When writing, if I partition by 1 column, it works fine. It’s even smoother if I don’t partition by anything.

(df_pos_sapo_order_orders.writeTo("pos_sapo_order.orders") 
    .partitionedBy(
         f.days("ModifiedOn")          # Partition by day of ModifiedOn
    #     f.days("CreatedOn")          # Partition by day of CreatedOn
    #     f.bucket(20, "TenantId"),      # Hash partition by tenantid
     #    f.bucket(100, "Id")             # Hash partition by id
    )
    .createOrReplace()
)

But as soon as I added more partition columns, for example, only adding days(CreatedOn), I instantly got an out-of-memory error (executor dies,…).

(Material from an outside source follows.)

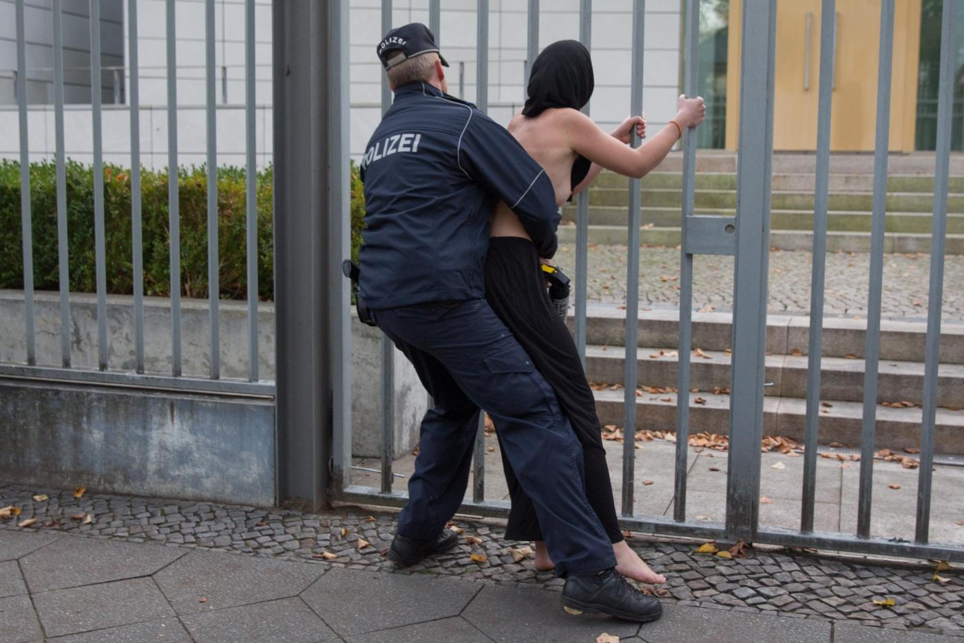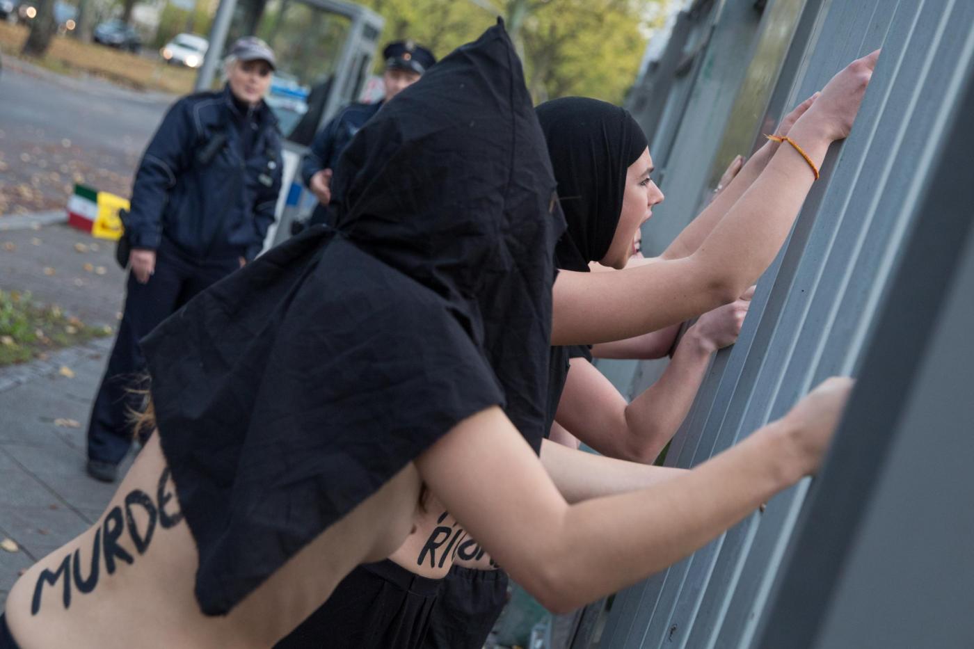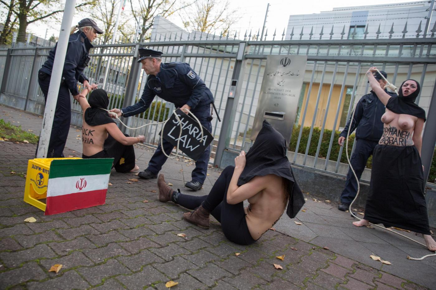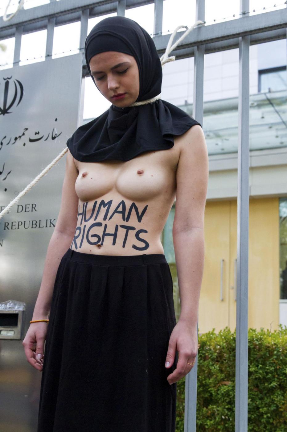 BERLINO – Alcune femministe appartenenti al gruppo delle Femen hanno protestato a seno nudo davanti all’ambasciata dell’Iran di Berlino subito dopo l’uccisione dell’iraniana Reyahneh Jabbari, morta attraverso l’impiccagione perché accusata di aver ucciso l’uomo che l’aveva stuprata.

(df_pos_sapo_order_orders.writeTo("pos_sapo_order.orders") 
    .partitionedBy(
         f.days("ModifiedOn"),          # Partition by day of ModifiedOn
         f.days("CreatedOn")          # Partition by day of CreatedOn
    #     f.bucket(20, "TenantId"),      # Hash partition by tenantid
     #    f.bucket(100, "Id")             # Hash partition by id
    )
    .createOrReplace()
)

And of course, the same thing happens if I add more partition columns like bucket(…).
But the funny thing is, if I alter the table to add a partition later, it works fine. Still have a problem when writing additional data into the table after re-partitioning

spark.sql("ALTER TABLE pos_sapo_order.orders ADD PARTITION FIELD day(ModifiedOn)")
spark.sql("ALTER TABLE pos_sapo_order.orders ADD PARTITION FIELD day(CreatedOn)")
spark.sql("ALTER TABLE pos_sapo_order.orders ADD PARTITION FIELD bucket(100, TenantId)")

Why? I have already increased executor memory to nearly the maximum capacity of our cluster. Also, caching before writing prevents any overhead workload.
Is there any tip trick here? Why does adding partitions cause so much trouble when writing to the Icerberg table?